Однажды Костя вернулся на Козиху поздно — я уж волноваться начала. Опасно стало ходить по улицам: то охотнорядцы на студентов нападут, то казаки нагайкам волю дадут. Пришел, сияет: я, говорит, в «кошачьем концерте» участвовал. Подались, говорит, студенты большой толпой к Нарышкинскому скверу, на сквер окна редактора и окна «Московских ведомостей» выходят, и давай пищать, выть, улюлюкать, свистеть что есть мочи, а потом полетели в окна гнилые огурцы, мороженая картошка, тухлые яйца.

И показывает листовку: верхом на осле — монах, голова листком «Московских ведомостей» прикрыта, в одной руке — крест, в другой — воззвание: «Бей интеллигенцию! Бей крамольников!»

— Поняла? — спрашивает Костя.

— Ничего не поняла, — отвечаю.

— Какая ты непонятливая, — удивился он. Оказывается, у осла была голова редактора «Московских ведомостей»…

Ну что я вам скажу, не сразу Костя в событиях разобрался, о себе уж и вовсе не говорю. Я после занятий в Марьинской больнице сиделкой подрабатывала, Костя — в обсерватории. Вы хоть уехали, а привычка у него осталась: спешил туда, как на службу. То Цераский что поручит, то на экскурсию кто пожалует. Правда, в конце осени на экскурсии ходоков мало. Да и время тревожное. Без особой надобности по вечерам люди и ходить по улицам перестали.

Зачастил Костя в университет на митинги, книжки политические где-то добыл. Все на вас ссылался:

— Павел Карлович знаешь что говорил? Докапывайся до самых корней! Дойдешь до корней, тогда все ясно станет: почему листья вянут, почему ствол клонится…

А меня уму-разуму научил один случай. Дежурила я в Марьинке. Ночью в перевязочную врач вызвал:

— Поможете. Тяжелого привезли.

Поглядела я на «тяжелого» и обомлела. Спина на рубленую котлету похожа. Живого места нет. Кожа перемолота, в крови вся.

Врач командует, какие инструменты подавать, а я словно оглохла, ничего не слышу, смотрю на парня, страшно, и глаз отвести не в силах.

Дней десять выхаживала его. Выходила. Он мне и рассказал все. Казаки били за то, что креста не было. Стегали, пока из сил не выбились. Бросили парня на землю, думали насмерть забили. Ночью добрые люди подобрали. А ведь этим исполосованным студентом и Костя мог оказаться. И любой другой мог оказаться. Что ж, они всю Россию распластать под нагайками задумали?!
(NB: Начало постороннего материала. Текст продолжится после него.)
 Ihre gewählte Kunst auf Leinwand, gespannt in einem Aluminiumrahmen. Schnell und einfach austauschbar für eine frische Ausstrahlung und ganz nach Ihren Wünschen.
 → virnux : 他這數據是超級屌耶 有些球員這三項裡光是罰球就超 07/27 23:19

Стала я немного разбираться. А в Москве каждый день что-нибудь случалось: одно аукнется, другое откликнется…

С Трубецким — вашим ректором университетским — знаете что приключилось? Не знаете? Ничего не слышали?
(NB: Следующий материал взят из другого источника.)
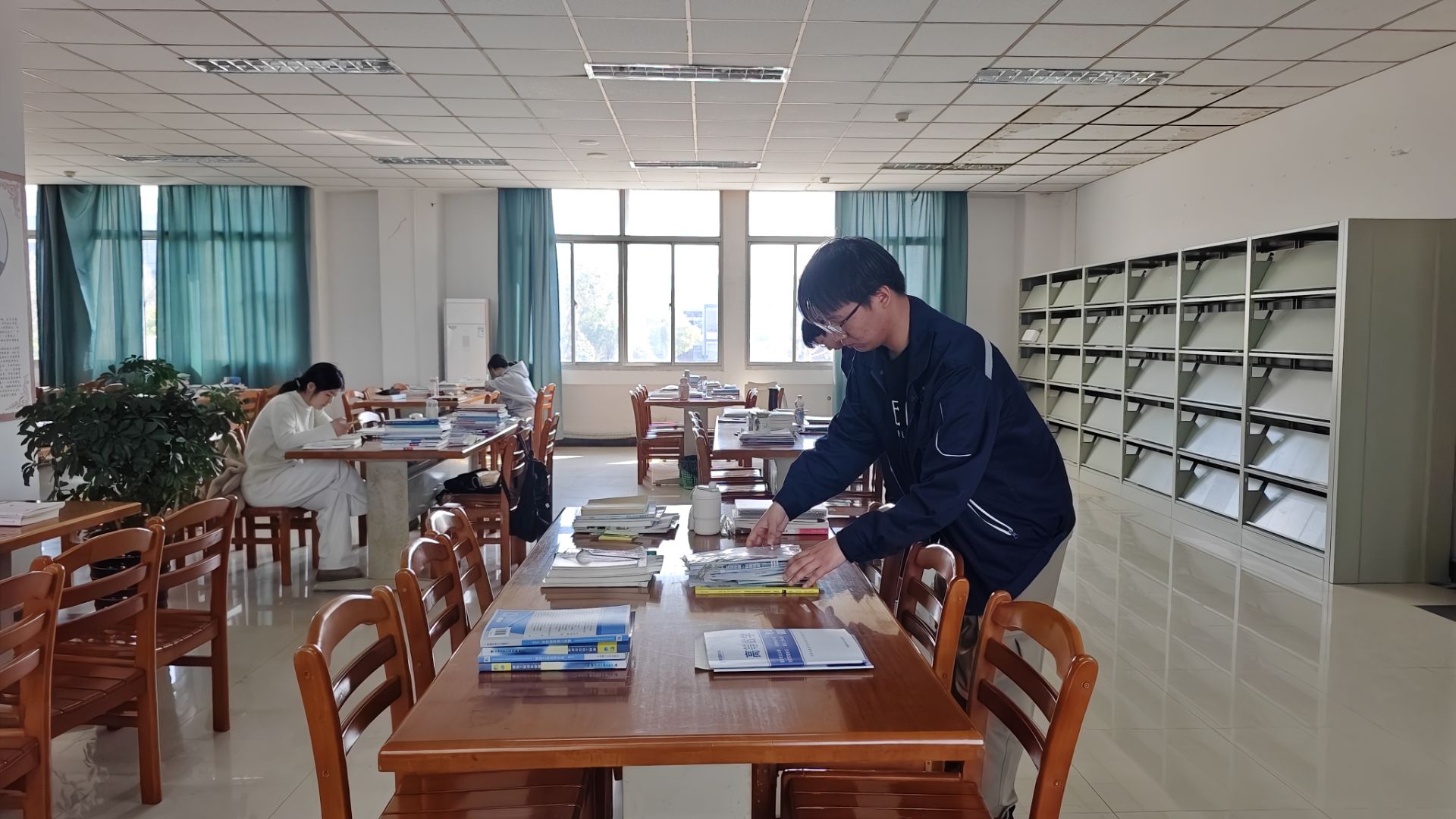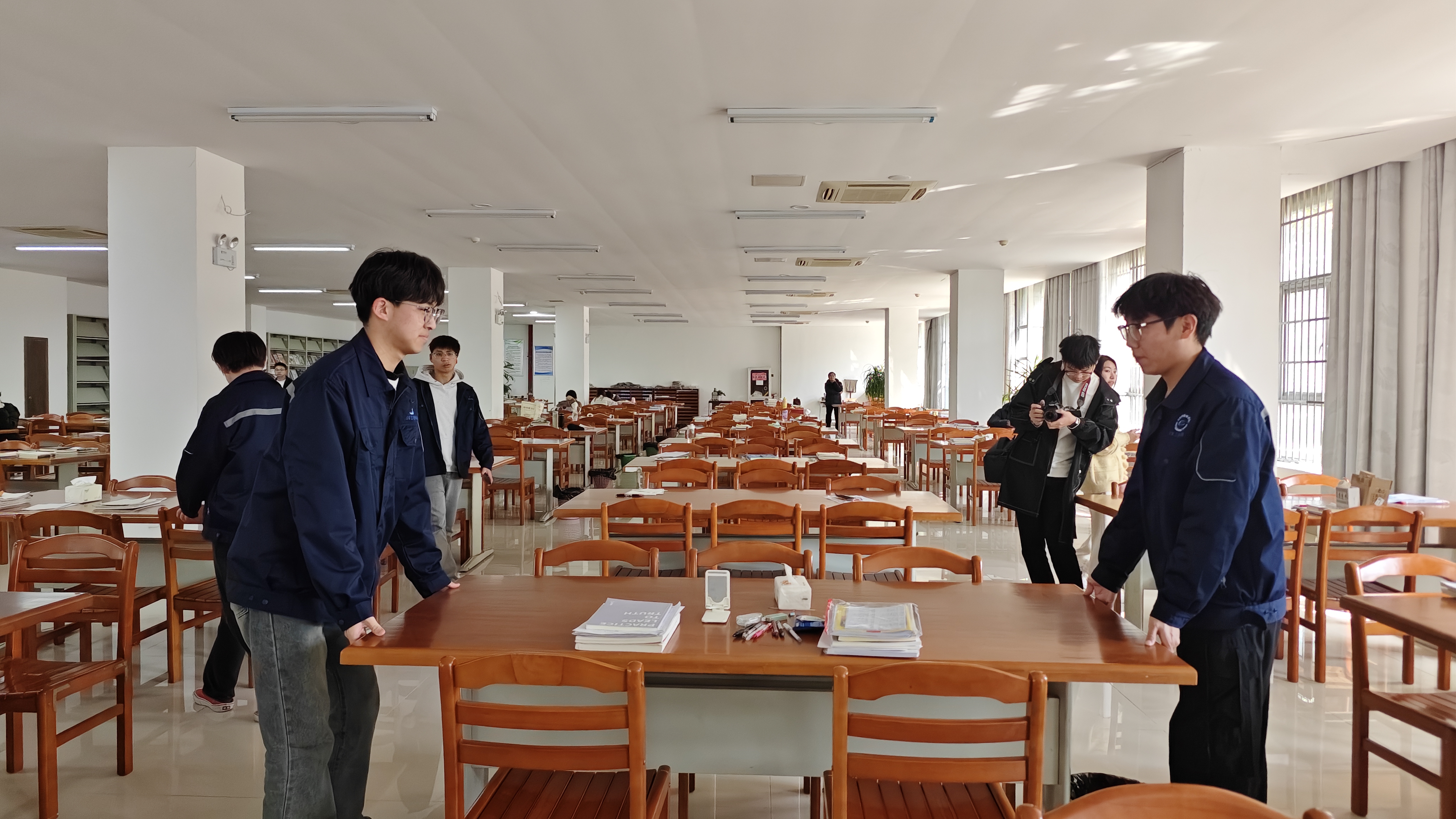 整理图书馆课桌、书本,营造良好学习环境。志愿者们还走进了学院图书馆,对馆内的课桌、书本进行了全面整理。他们擦拭课桌、整理书架,将散落的书本归类放好。在志愿者们的辛勤付出下,学校图书馆的环境焕然一新,为读者营造了一个更加整洁、有序的学习空间。

Я от Кости все новости узнавала. Приехал он Как-то домой сияющий.

— Откуда это ты такой радостный? — спрашиваю.

— С похорон.

И рассказал мне историю про ректора Трубецкого. Поехал Трубецкой в Петербург насчет каких-то студенческих прав договариваться. Не от хорошей жизни поехал: кипел университет, как котел. А в Петербурге сочли его защитником «смутьянов». Царь, конечно, его не принял. Топтался он в приемных у начальства, гнул спину. Трепов, кажется, тоже принять его отказался. И хватил ректора удар. Гнул, гнул спину и сломался, умер прямо в приемной. Вот какое бывает!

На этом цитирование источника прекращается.